The Department Of Justice Is Flexing It’s Muscle On Crypto, But Maybe It Should Hit The Gym First

The DOJ is serious about Crypto regulation, or at least that is what they want you to think.

DOJ on the warpath

The recent news of the DOJ’s actions against a lesser-known crypto entity came as a shock to many in Crypto Twitter, with some users expressing concern that this could be a sign of more stringent regulations on cryptocurrencies in the future. These fears were compounded by a drop in Bitcoin and Ethereum prices following the announcement, which is believed to have been influenced by worries over increased government regulation.

This announcement from the DOJ follows an incident involving another cryptocurrency trading platform, FTX, which experienced a technical breakdown due to high volumes earlier this month. This incident has caused global regulators, including the US Department of Justice, to increase their focus on crypto-related endeavors and take steps toward demonstrating their authority in this area.

Ramping up Efforts

The United States government has been ramping up its efforts to crack down on crypto-related crimes. Recently, the U.S. Department of Justice (DOJ) announced that it would be holding a live press conference to unveil an “International Cryptocurrency Enforcement Action.” The crypto community panicked and prices of Bitcoin and Ethereum fell nearly 5% in a matter of minutes. There were speculations that it could be a big player like Binance, but it turned out to be a Hong Kong-based, Russian-owned crypto exchange called Bitzlato.


Bitzlato allegedly processed more than $700 million in illicit funds, including proceeds from ransomware. However, the reality of the situation is that Bitzlato’s customer wallets held only $11,000 as of January 18th. Despite this, the DOJ’s Deputy Attorney General, Lisa Monaco, touted the enforcement action as a “significant blow to the cryptocrime ecosystem” and “fueled a high-tech axis of cryptocrime.”

The U.S. government is attempting to demonstrate that it is aware of crypto crimes and is taking action. The DOJ has been investigating Binance since 2018, and it is rumored that they are also investigating Digital Currency Group, the owner of crypto lender Genesis, which recently filed for bankruptcy. The Securities and Exchange Commission (SEC) also charged both Genesis and Gemini for violating securities laws.

The recent collapse of FTX and the increased scrutiny of crypto crimes has led to more posturing by the government. SEC Commissioner Hester Peirce has expressed her concerns that the government may overreact and create hasty restrictions on crypto. She believes that regulations should be created in a way that protects retail investors, rather than shutting down the industry entirely.

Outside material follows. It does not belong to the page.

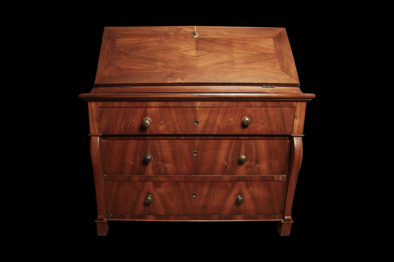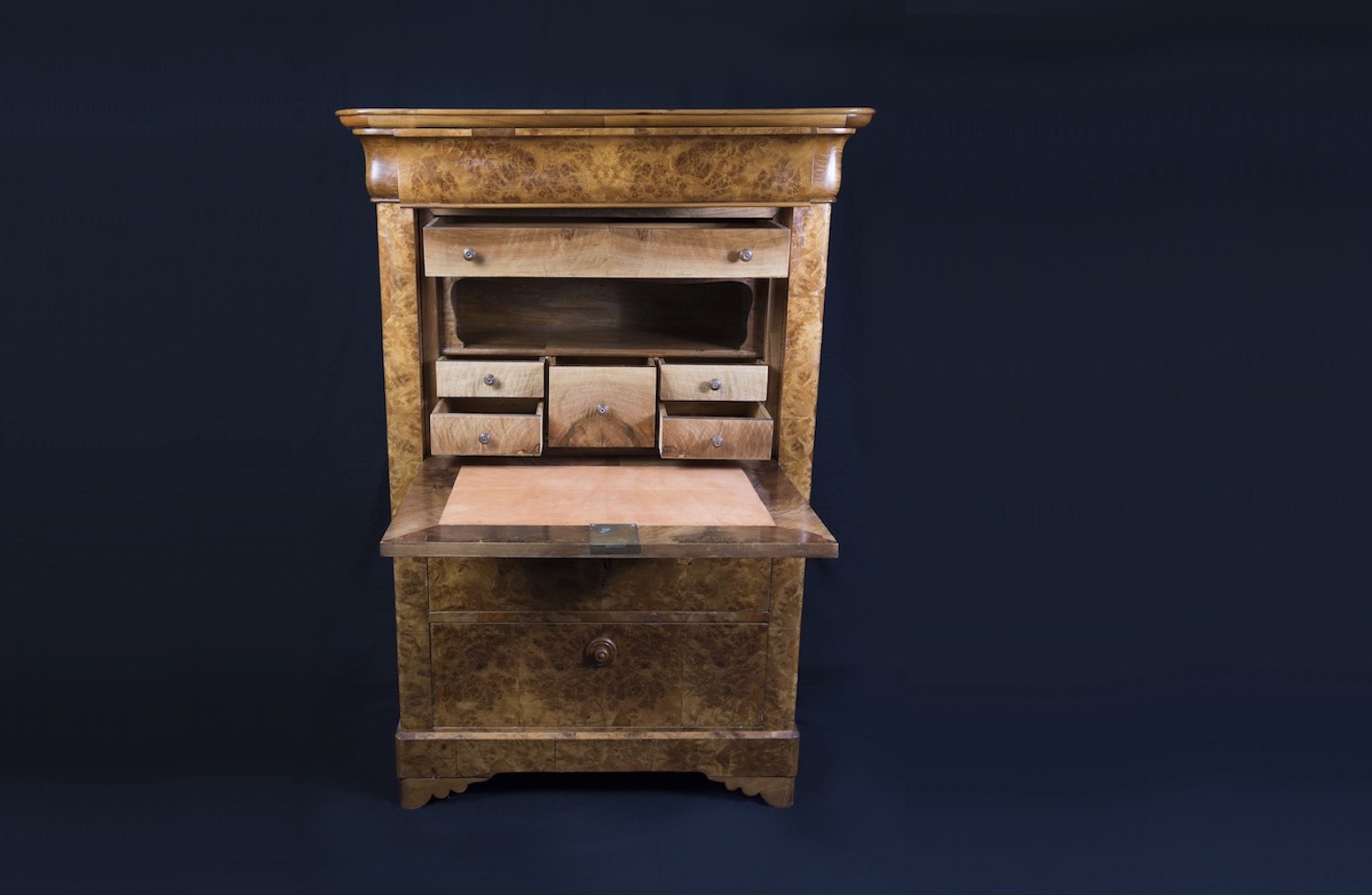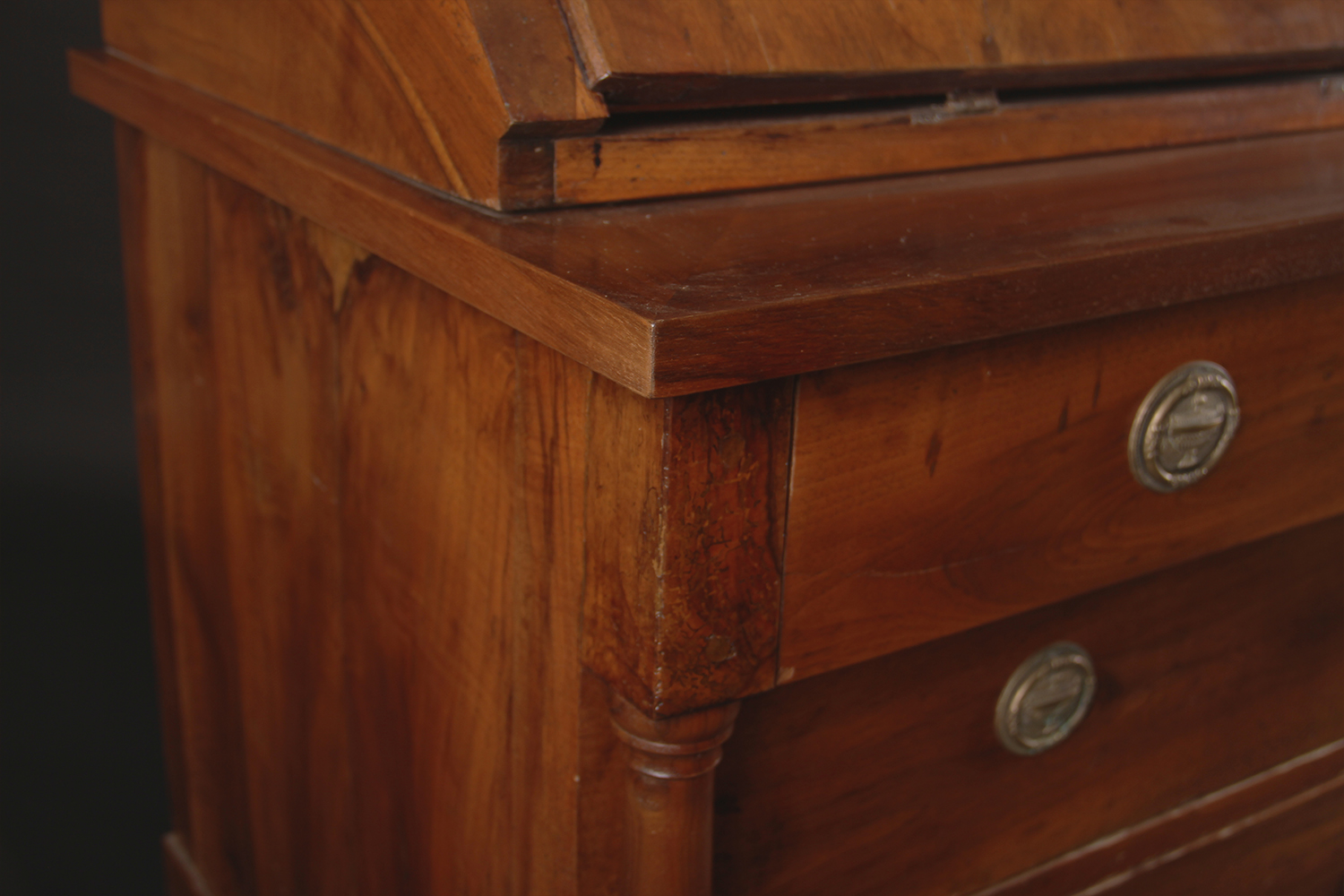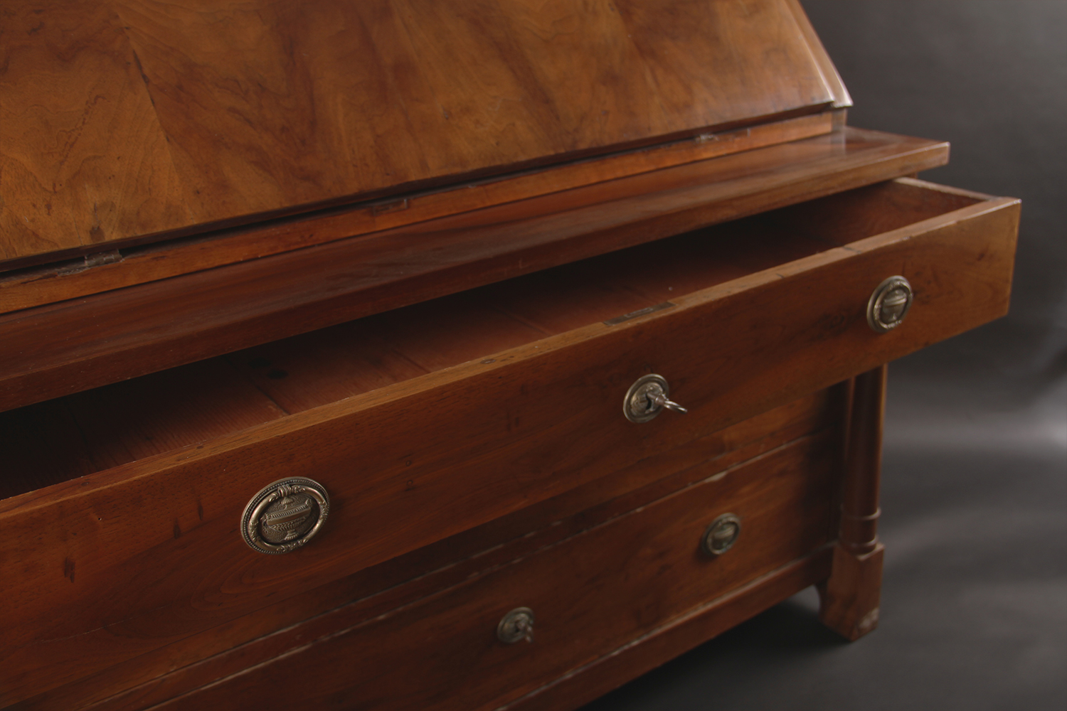 Directoire, 18e siècle En noyer et sapin 8 petits tiroirs dans le bureau 3 grand tiroirs dans la commode Dim: L122 xP67 x H120 cm Prix: 1400 CHF

The recent actions taken by the government have created a climate where regulators and politicians are feeling more pressure than ever to show that they are serious about eliminating bad actors in the crypto industry. This could lead to overreach and the next big enforcement action may not be against a small-time player. It is important for the government to strike a balance between protecting investors and not stifling innovation and growth in the crypto industry.

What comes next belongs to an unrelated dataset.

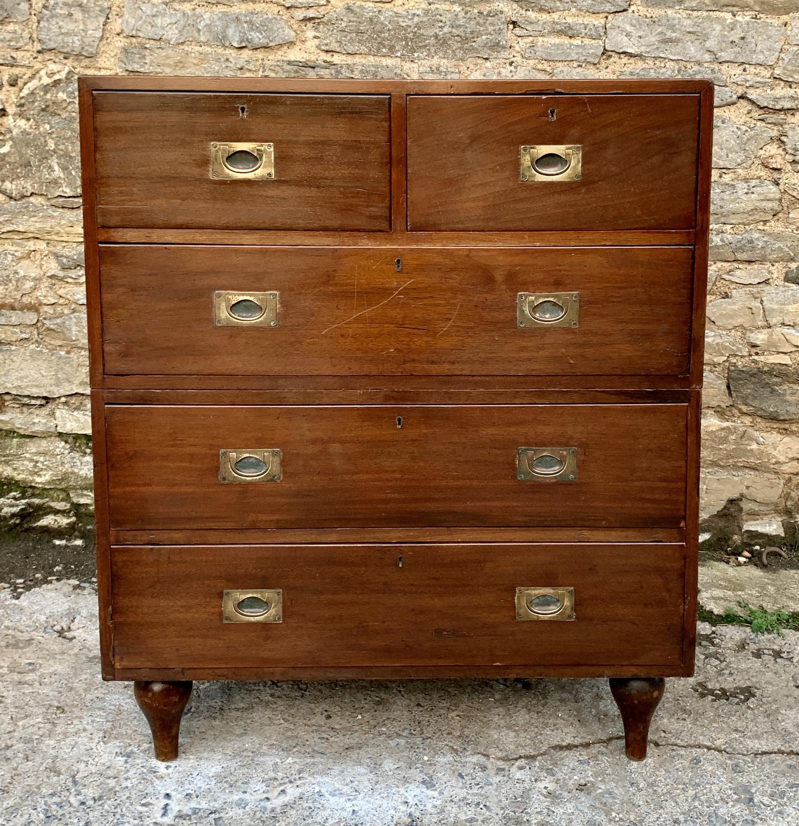 Antique Military Campaign Teak Chest of Drawers

The crackdown on crypto crimes by the US government is a reflection of the growing importance and mainstream adoption of digital currencies. The increasing interest in Bitcoin and other cryptocurrencies, as well as the rising number of crypto exchanges, has made it necessary for the government to take action and ensure the safety of investors.

The Bitzlato case is a prime example of how the government is taking action to eliminate bad actors in the crypto industry. The fact that the exchange was processing illicit funds and was involved in ransomware activities poses a risk to investors and the integrity of the crypto market. The government’s action in this case sends a message to other crypto exchanges and actors that such activities will not be tolerated.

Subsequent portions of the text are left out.